As you can see, this error logs itself every minute.  Other than being annoying, I am not sure if it is hurting anything except that my log gets rather lengthy.  I am not sure where to look to remedy this problem.  Does anyone have any ideas?  Thanks!

----------

## elgato319

Sounds like an courier-imap problem.

Look

----------

## lanerj

Thanks for your reply Elgato319.  The link that you posted does describe a similar issue but apparently he was not able to resolve it.  I have discovered that the error is being caused by one of my users that use Outlook as their mail client.  I was able to track it down by coming in earlier than everyone else and then watching the logs as people logged in.  As soon as this particular user logged in, the error started showing up.  I had them shut Outlook down and the errors disappeared. Now, if I just knew what to do from here.  Suggestions anyone?

----------

## elgato319

Does the Outlook client accessing courier via imap or pop3?

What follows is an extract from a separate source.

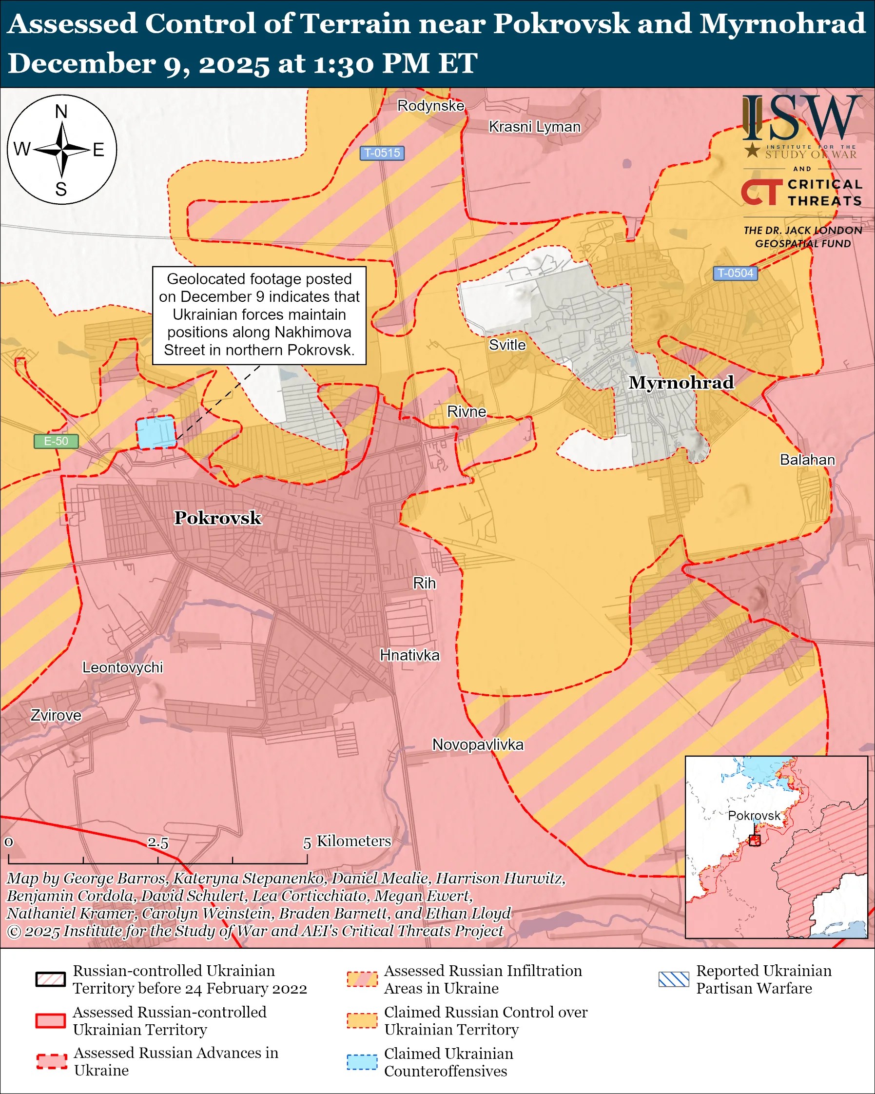 Omdat de weg naar Myrnohrad via Pokrovsk niet langer toegankelijk is – aangezien Pokrovsk grotendeels onder Russische bezetting staat -, zijn Oekraïense eenheden gedwongen routes te gebruiken via twee kleine dorpjes, Rivne en Svitle. Een deel van Rivne staat onder Russische controle en het Russische Ministerie van Defensie heeft beelden vrijgegeven waarop hun troepen daar te zien zijn.

On courier there should be a switch while compiling "--enable-workarounds-for-imap-client-bugs". Maybe this can help. But i'm not if the ebuild supports this. Using dovecot myself.

----------

## lanerj

Thanks for your reply Elgato319.  The user connects via imap.  I checked my compilation of courier-imap and it looks like --enable-workarounds-for-imap-client-bugs is compiled in by default.  Interestingly enough I have other users that are using Outlook but do not cause the error.   I am stumped.

----------

## lanerj

Well, it has been 3 months since my last post regarding this subject and I am still unable to solve the issue.  Since this is the only user that causes errors in the logs, I thought that perhaps they might have a bad profile or perhaps there is a problem with the Outlook installation.  I purchased a new hdd and reinstalled the OS (XP), created a new profile,  and re-installed Outlook, to no avail.  I am using Logwatch on my gentoo box and am noticing that this particular user has an extremely high amount of logins (287 times in the last 24 hours).  No other user is even close to this amount.  Also, this user shows up in the logs as 

 *Quote:*   

>  xsasl_cyrus_server_next: decoded response: <username>
> 
>             xsasl_cyrus_server_next: decoded response: <password>
> 
> 

 

I am curious as to why the actual password shows up in the logs and why this is the only user that this happens to.  Has anyone else run into this issue before?  And if so, how do I solve it or where should I begin?  

Thanks for any help you can offer.

Regards,

----------

## magic919

Might work better if you change the Subject of the thread as it's unrelated to Postfix.

----------

## lanerj

I have changed the Subject Line of this thread per magic919's suggestion.  I am running Postfix but I think that the errors might have something to do with courier-imap.  At any rate, I welcome any suggestions.

Thanks.

----------

## magic919

You haven't actually changed the Subject of the thread.  Just the latest post.

It's Courier-imap that's sticking it in the syslog, not Postfix.  Not a logwatch error either - Logwatch is fine too.

----------